Stop the last remaining uses of the `artist_urls.normalized_url` column.
It's already no longer used by the artist finder. The only remaining
uses were by API users. Those users should use the `url` column instead.
Show a warning when creating a duplicate artist; that is, when adding a
URL that already belongs to another artist.
This is a soft warning rather than a hard error because there are some
cases where multiple artists legitimately share the same site or account.
Change how artist URLs are normalized in artist entries. Don't try to secretly
convert image URLs to profile URLs in artist entries. For example, if someone puts a
Pixiv image URL in an artist entry, don't secretly try to fetch the source and
convert it into a profile URL in the `normalized_url` field.
We did this because years ago, it was standard practice to put image URLs in artist
entries. Pixiv image URLs used to contain the artist's username, so we used to put
image URLs in artist entries for artist finding purposes. But Pixiv changed it so
that image URLs no longer contained the username, so we dealt with it by adding a
`normalized_url` column to artist_urls and secretly converting image URLs to profile
URLs in this field. But this is no longer necessary because now we don't normally put
image URLs in artist entries in the first place.
Now the `profile_url` method in `Source::URL` is used to normalize URLs in artist
entries. This lets us parse various profile URL formats and normalize them into a
single canonical form.
This also removes the `normalize_for_artist_finder` method from source strategies.
Instead the `profile_url` method is used for artist finding purposes. So the profile
URL returned by the source strategy needs to be the same as the URL in the artist
entry in order for artist finding to work.

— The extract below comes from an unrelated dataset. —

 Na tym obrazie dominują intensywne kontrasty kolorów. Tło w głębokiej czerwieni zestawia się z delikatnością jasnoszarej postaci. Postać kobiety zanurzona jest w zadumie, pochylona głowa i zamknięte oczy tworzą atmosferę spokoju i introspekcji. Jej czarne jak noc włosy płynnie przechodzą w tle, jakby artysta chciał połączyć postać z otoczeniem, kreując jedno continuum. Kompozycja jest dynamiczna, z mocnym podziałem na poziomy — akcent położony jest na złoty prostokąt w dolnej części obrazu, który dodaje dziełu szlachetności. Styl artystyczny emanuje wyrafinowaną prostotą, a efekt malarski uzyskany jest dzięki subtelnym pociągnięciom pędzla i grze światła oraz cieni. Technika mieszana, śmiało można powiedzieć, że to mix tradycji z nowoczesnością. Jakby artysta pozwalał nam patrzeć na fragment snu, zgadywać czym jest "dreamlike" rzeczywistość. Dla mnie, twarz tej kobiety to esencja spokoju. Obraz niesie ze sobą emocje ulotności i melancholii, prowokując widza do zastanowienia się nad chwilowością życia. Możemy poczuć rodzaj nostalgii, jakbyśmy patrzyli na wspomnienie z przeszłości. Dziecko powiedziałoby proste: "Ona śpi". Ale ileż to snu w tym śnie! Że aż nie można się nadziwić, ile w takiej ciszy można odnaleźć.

* Remove unnecessary trailing slashes when artist URLs are saved.
* Automatically add `http://` to new artist URLs if it's missing (before
this was an error; now it's automatically fixed).

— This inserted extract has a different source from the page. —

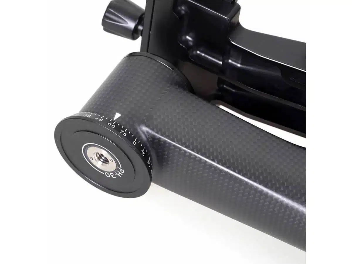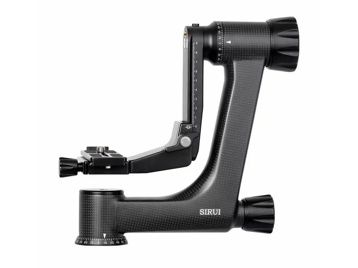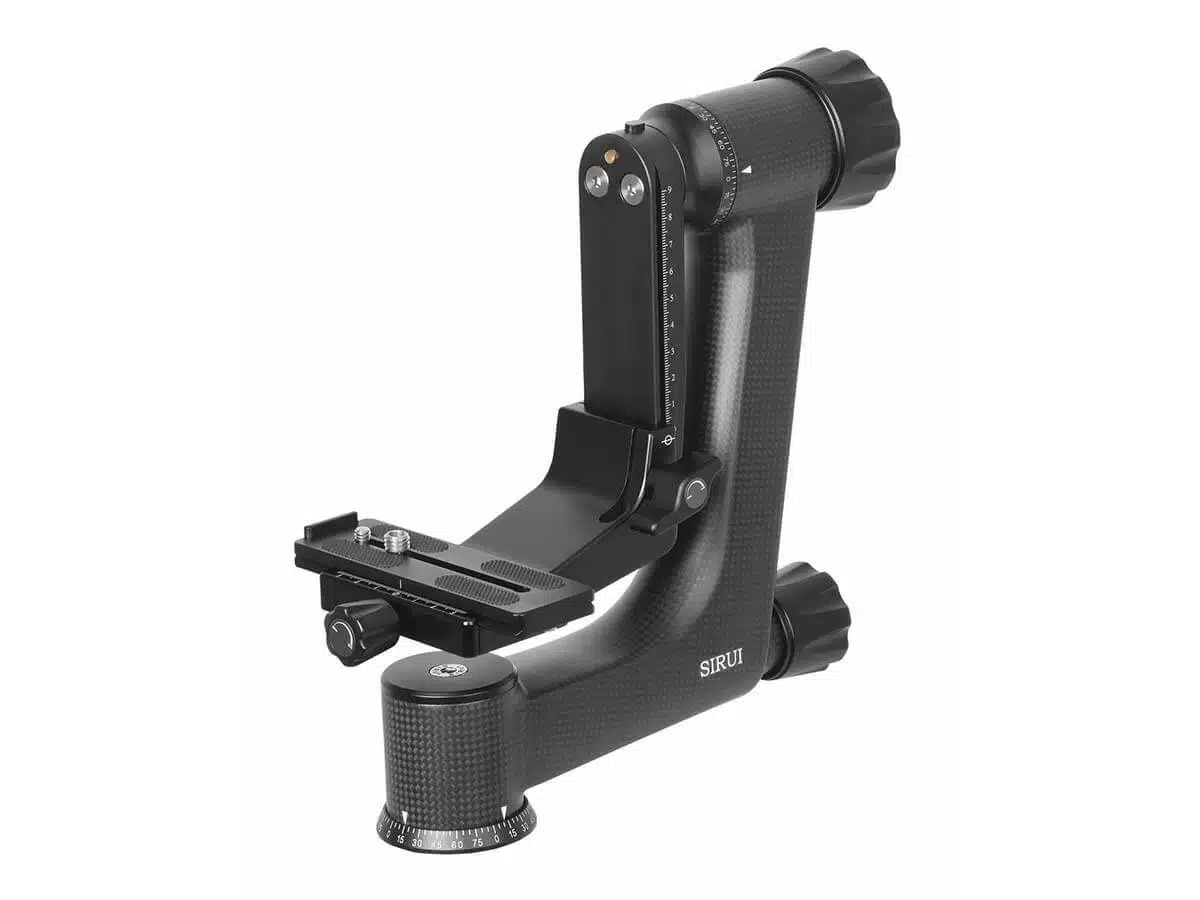 Sirui PH-30 Gimbal Head hiilikuitukiikku sisältää 120mm Arca Swiss-yhteensopivan pikairroitusalustan, jossa on kitkakumipinnoite ja 1/4″ ja 3/8″ ruuvi.

Fix URLs being normalized after checking for duplicates rather than
before, which meant that URLs that differed in capitalization weren't
detected as duplicates.
Add site icons linking to all the artist's sites in the fetch source
data box.
Some artist entries have a large number of URLs. Various heuristics are
applied to try to present the most useful URLs first. Dead URLs and
redundant URLs (Pixiv stacc and Twitter intent URLs) are filtered out.
Remaining URLs are sorted first by site (to put sites like Pixiv and
Twitter first), then by URL (to break ties when an artist has multiple
accounts on the same site).
Some sites have shitty hard-to-read icons. It can't be helped. The icons
are the official favicons of each site.
- Converts scheme and hostname to lowercase
- Converts unicode hostnames into Punycode
This all gets done before the normalized URL gets assigned.

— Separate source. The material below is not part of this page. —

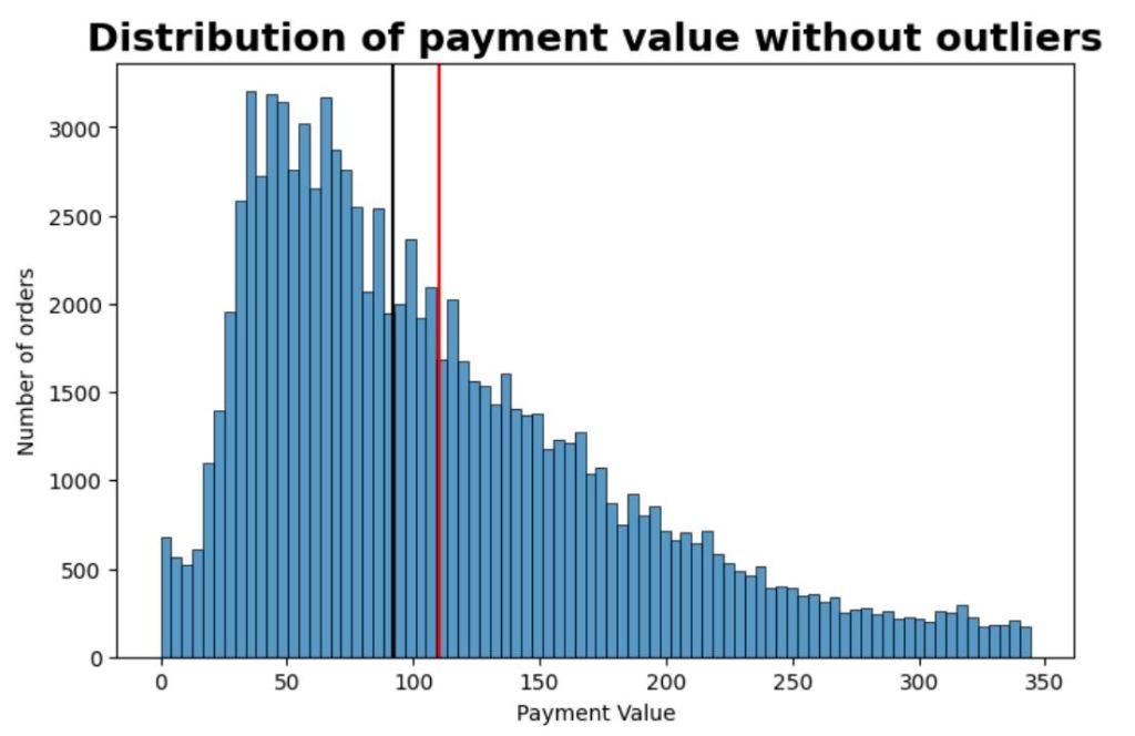 The graph shows the distribution of payment value captured from ‘order_payment’ table. I removed the outliers.

Additionally, this removes the dead commented out line for Nicoseiga.
The problem was that the Addressable parser does not catch all invalid
URL cases, so some extra checks were added in.
- hostname must contain a dot
This accounts for URLs of the following type:
http://http://something.com
which has a hostname of http.
The artist URL tests were also updated with cases which test all validation
errors.
Get rid of `normalized_for_artist_finder?` and `normalizable_for_artist_finder?`.
This was legacy bullshit that was originally designed to avoid API calls
when saving artist entries containing old Pixiv direct image urls that
had already been normalized, or that couldn't be normalized because they
were bad id.
Nowadays we store profile urls in artist entries instead of direct image
urls, so we don't normally need to do any API calls to normalize the
profile url. Strategies should take care to avoid triggering API calls
inside `profile_url` when possible.
- The only string works much the same as before with its comma separation
-- Nested includes are indicated with square brackets "[ ]"
-- The nested include is the value immediately preceding the square brackets
-- The only string is the comma separated string inside those brackets
- Default includes are split between format types when necessary
-- This prevents unnecessary includes from being added on page load
- Available includes are those items which are allowed to be accessible to the user
-- Some aren't because they are sensitive, such as the creator of a flag
-- Some aren't because the number of associated items is too large
- The amount of times the same model can be included to prevent recursions
-- One exception is the root model may include the same model once
--- e.g. the user model can include the inviter which is also the user model
-- Another exception is if the include is a has_many association
--- e.g. artist urls can include the artist, and then artist urls again
Convert to an autosave association on urls. This ensures that when we
save the artist we only validate the added urls, not bad urls that we're
trying to remove, and that url validation errors are propagated up to
the artist object.
This also fixes invalid urls being saved in the artist history despite
validation failing (#3720).
* `legacy_normalize` came from c6012535, which is no longer a problem.
* `normalize_for_search` is only used for "[mass edit]" links
in artist entries. These links are a shortcut for performing a
`-artist_name source:<artist_url> -> artist_name` mass edit to tag
untagged artists, but this won't work for most sites these days.